ISLAMABAD: After failing to complete provincial nominations for months, the centre is expected to convene a meeting of the National Finance Commission (NFC) soon to consider extending revenue-sharing arrangement for another year beyond constitutionally protected five-year period.
Informed sources told Dawn that the Sindh government did not nominate its private member for the 8th five-year NFC despite repeated reminders by the ministry of finance. The NFC Secretariat has now moved a summary to the finance minister to convene a meeting of the existing NFC soon preferably in the first week of April to consider the way out. The constitutional life of the existing NFC is to automatically expire on June 30.
Except for Sindh, all other provinces have nominated their private members to the new NFC. They include Dr Aysha Ghous from Punjab, Prof Ibrahim of Jamat-i-Islami from Khyber Pakhtunkhwa and Dr Kaiser Bengali from Balochistan.

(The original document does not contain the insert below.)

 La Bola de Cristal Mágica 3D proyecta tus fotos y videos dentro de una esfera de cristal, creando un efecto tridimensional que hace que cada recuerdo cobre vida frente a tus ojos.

The previous NFC was constituted by the then president, Asif Ali Zardari, on July 24, 2009, that enabled a consensus 7th NFC award in about five months.
The 7th NFC award was signed by all the parties on Dec 30, 2009, in Gawadar and it took another few months in file work and formal notification that enabled its inclusion in federal and provincial budgets for fiscal year 2010-11 in June 2010 down the road.

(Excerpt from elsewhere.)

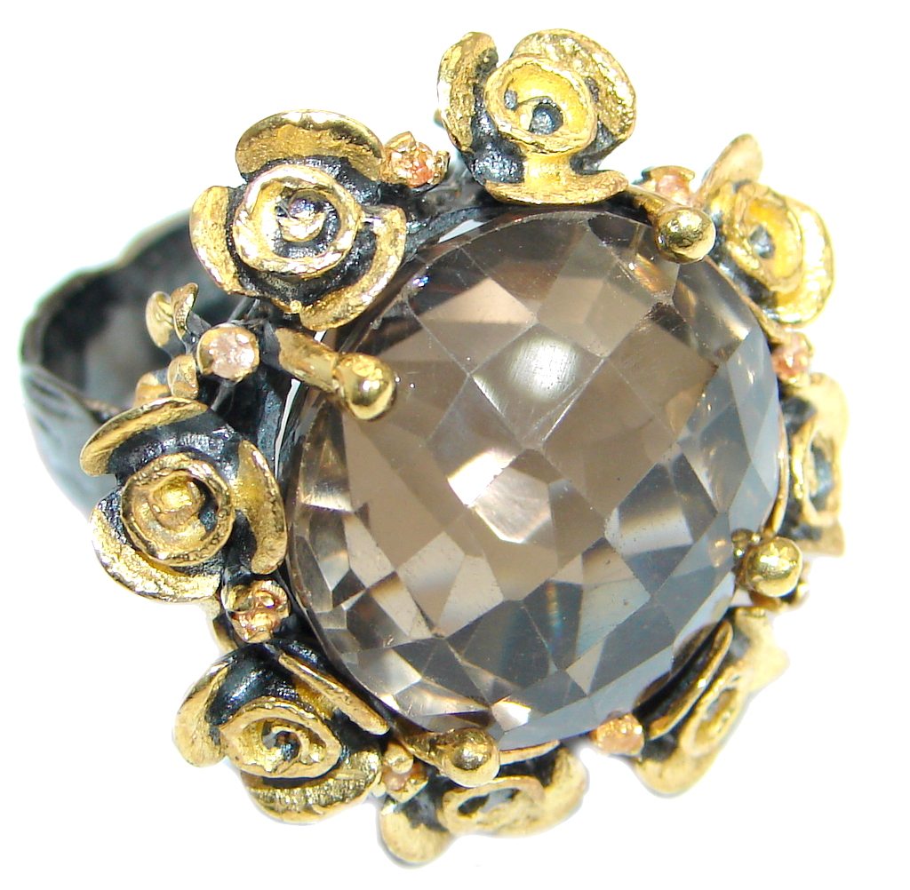 Huge Floral Design Smoky Topaz Gold over .925 Sterling Silver Cocktail ring s. 7 1/4

Sindh fails to nominate member for the 8th NFC despite repeated requests
The new NFC has not been constituted as yet to meet constitutional requirements regarding consideration of financial arrangements between the centre and its federating partners and among the provinces and set shares in the divisible pool proceeds for next five years.
The process involves a lot of consultations, exchange of proposals and non-papers and series of negotiations to achieve the goal of a workable financial arrangement for five years.
Finance minister Ishaq Dar had announced in his budget speech in June last year to start consultations over the next NFC award in July and then assured the International Monetary Fund to have a fresh NFC arrangement, keeping in mind low provincial revenues and large cash surpluses, to ensure long-term fiscal sustainability.
An official said that all the provinces and the federal government would now have to reach consensus agreement to extend the existing NFC for another year through an act of parliament or through a presidential ordinance. Before that the existing NFC would have to pass a resolution for the extension.
The sources said the huge cash surpluses offered by the four provinces over the last five years under pressure from the federal government and the IMF to contain fiscal deficit has already exposed the lack of institutional spending capacity of the provinces to absorb their enhanced shares, mainly because of lack of planning and development capacity.
The federal government wants to build its case on the said premise and regain a part of the lost share in divisible pool.
The argument is that increased provincial shares were based on a major assurance that tax-to-GDP ratio would be increased to 15pc from less than 10pc by the NFC terminal year 2014-15 as provinces had promised to effectively tax real estate, agricultural income and services which did not materialise. The tax-to-GDP ratio remained well below 10pc and the three provincial potential revenue areas remained outside the effective net.